Guru Besar Undip Perih Melihat Penegakan Hukum di Indonesia

Penegakan hukum di Indonesia lebih mengutamakan memukul daripada merangkul kepada ormas atau orang yang berseberangan dengan pemerintah.

“Terus terang hati saya perih menyaksikan “style” penegakan hukum di Indonesia ini yang mengutamakan tindakan MEMUKUL dari pada MERANGKUL terhadap ormas-ormas dan atau orang yang dinilai berseberangan dan mengkritisi pemerintah,” kata Guru Besar Undip Prof Suteki di akun Facebook-nya.

Kata Suteki, sebuah elegi hukum dipertontonkan oleh para penegak hukum di negara yang mengaku dirinya sebagai negara hukum, bukan negara kekuasaan.
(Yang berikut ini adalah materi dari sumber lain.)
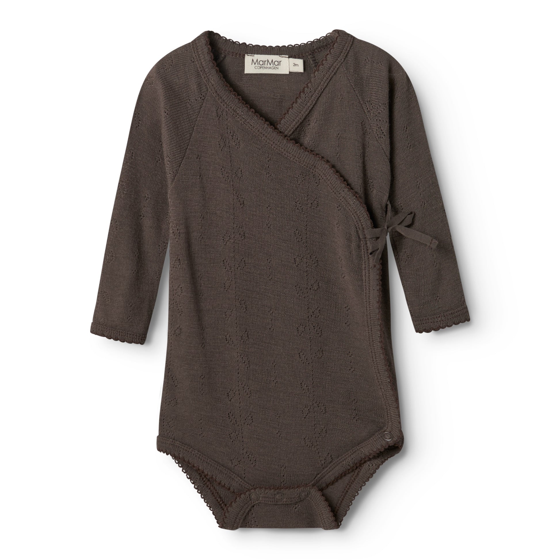 This Terre Belita merino wool pointelle body from MarMar Copenhagen brings a grounded, earthy feel to early baby dressing. Rich, warm and quietly confident, it’s a piece that feels intentional without trying to steal the spotlight.

“Tampaknya benar, ilmu hukum dan ilmu politik tidak lagi diperlukan di negara ini. Penegakan hukum tidak perlu menggunakan ilmu hukum, cukup “ilmu aturan” yang tidak beraturan bahkan “chaos” karena diracuni oleh arogansi kekuasaan,” jelas Suteki.

Kondisi ini menyebabkan krisis dalam penegakan hukum yang didesain dengan slogan “negara tidak boleh kalah dan aparat dilindungi hukum”. Cacat hukum dalam memproduksi keputusan hukum pun tidak dapat dihindari.

Selain itu, ia mengatakan, Surat Keputusan Bersama Keroyokan tentang Larangan Kegiatan, Penggunaan Simbol dan Atribut, serta Penghentian Kegiatan Front Pembela Islam bertentangan dengan prinsip-prinsip Rule of Law (ROL), khususnya terkait HAM kebebasan berkumpul dan berserikat.

SKB FPI ini, salah satunya, didasarkan pada UU No. 17 Tahun 2013 tentang Organisasi Kemasyarakatan sebagaimana telah diubah dengan UU No. 16 Tahun 2017 (UU Ormas 2017) yang sejak awal kelahirannya sangat kontroversial, khusunya terkait dengan Perppu Ormas 2017 yang juga sangat bermasalah dari perspektif negara hukum.

“UU Ormas 2017 memungkinkan pemerintah untuk membubarkan organisasi secara sepihak tanpa melalui proses peradilan (due process of law). Saya menyebutnya Pemerintah sebagai extractive institution, pengayak tunggal dalam menilai tindakan ormas,” pungkasnya.